» Task details
Of the records that follow, copy only the lines from the line containing "Es wird in einer" to the line containing "Floor Mats For", both included, exactly as written.

» Exercise inputs
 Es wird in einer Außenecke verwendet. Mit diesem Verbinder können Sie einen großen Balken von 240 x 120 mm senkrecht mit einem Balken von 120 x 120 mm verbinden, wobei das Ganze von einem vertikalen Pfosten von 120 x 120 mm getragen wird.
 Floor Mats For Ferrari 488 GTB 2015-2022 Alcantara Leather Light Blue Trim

* * *

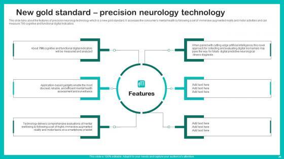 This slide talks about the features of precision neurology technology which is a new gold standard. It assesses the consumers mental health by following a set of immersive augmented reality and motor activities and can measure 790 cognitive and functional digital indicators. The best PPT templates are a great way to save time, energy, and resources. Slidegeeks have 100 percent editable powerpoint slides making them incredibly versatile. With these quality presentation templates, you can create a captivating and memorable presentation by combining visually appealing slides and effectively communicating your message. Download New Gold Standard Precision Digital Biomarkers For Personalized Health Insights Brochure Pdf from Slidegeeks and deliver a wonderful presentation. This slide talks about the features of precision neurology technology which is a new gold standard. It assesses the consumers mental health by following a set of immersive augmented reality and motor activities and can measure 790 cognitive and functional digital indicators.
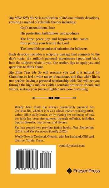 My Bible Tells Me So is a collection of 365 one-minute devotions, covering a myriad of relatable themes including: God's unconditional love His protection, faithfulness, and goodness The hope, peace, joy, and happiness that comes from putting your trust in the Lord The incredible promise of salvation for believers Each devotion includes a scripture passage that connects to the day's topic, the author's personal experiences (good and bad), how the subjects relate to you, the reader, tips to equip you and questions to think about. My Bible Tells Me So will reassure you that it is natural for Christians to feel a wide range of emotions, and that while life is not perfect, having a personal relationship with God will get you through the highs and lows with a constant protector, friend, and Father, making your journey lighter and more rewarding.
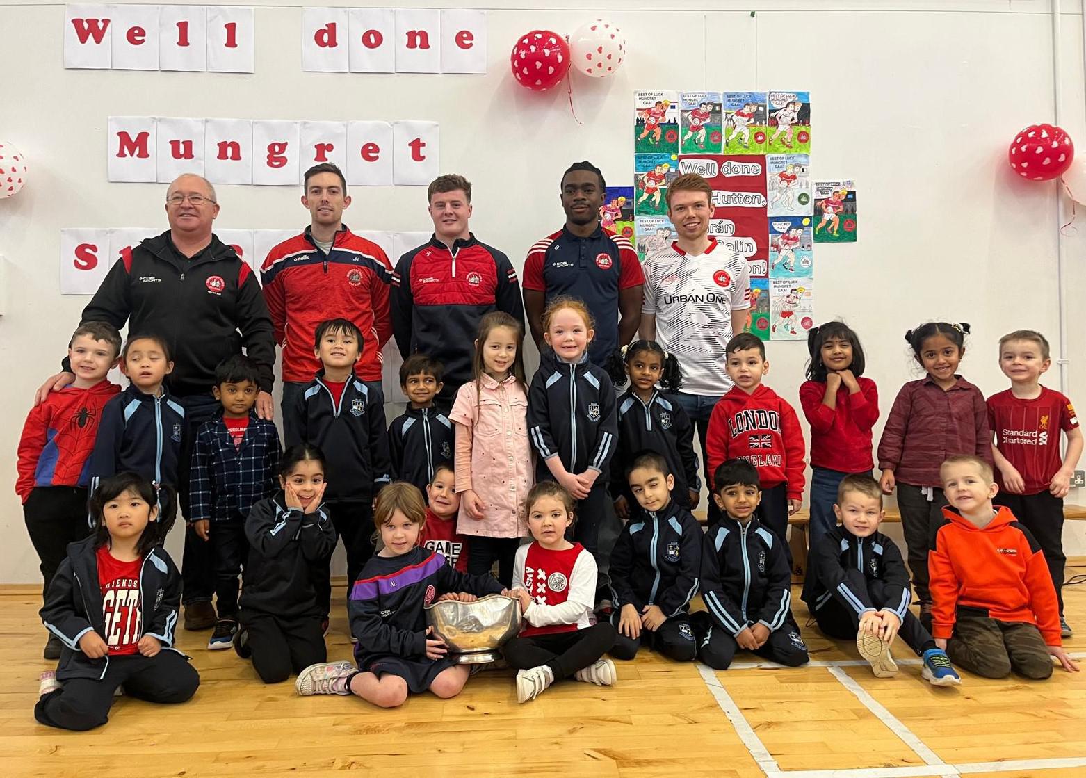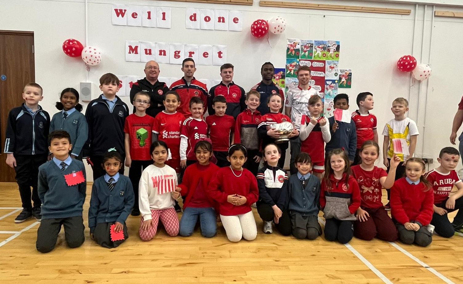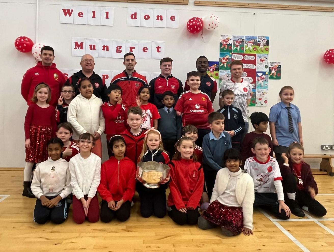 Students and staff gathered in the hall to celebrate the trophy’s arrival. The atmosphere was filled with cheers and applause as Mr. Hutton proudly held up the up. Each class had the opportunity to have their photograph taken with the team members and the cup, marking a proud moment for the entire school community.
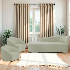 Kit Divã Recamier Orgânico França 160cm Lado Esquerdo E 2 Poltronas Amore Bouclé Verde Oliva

» Reply
 Es wird in einer Außenecke verwendet. Mit diesem Verbinder können Sie einen großen Balken von 240 x 120 mm senkrecht mit einem Balken von 120 x 120 mm verbinden, wobei das Ganze von einem vertikalen Pfosten von 120 x 120 mm getragen wird.
 Floor Mats For Ferrari 488 GTB 2015-2022 Alcantara Leather Light Blue Trim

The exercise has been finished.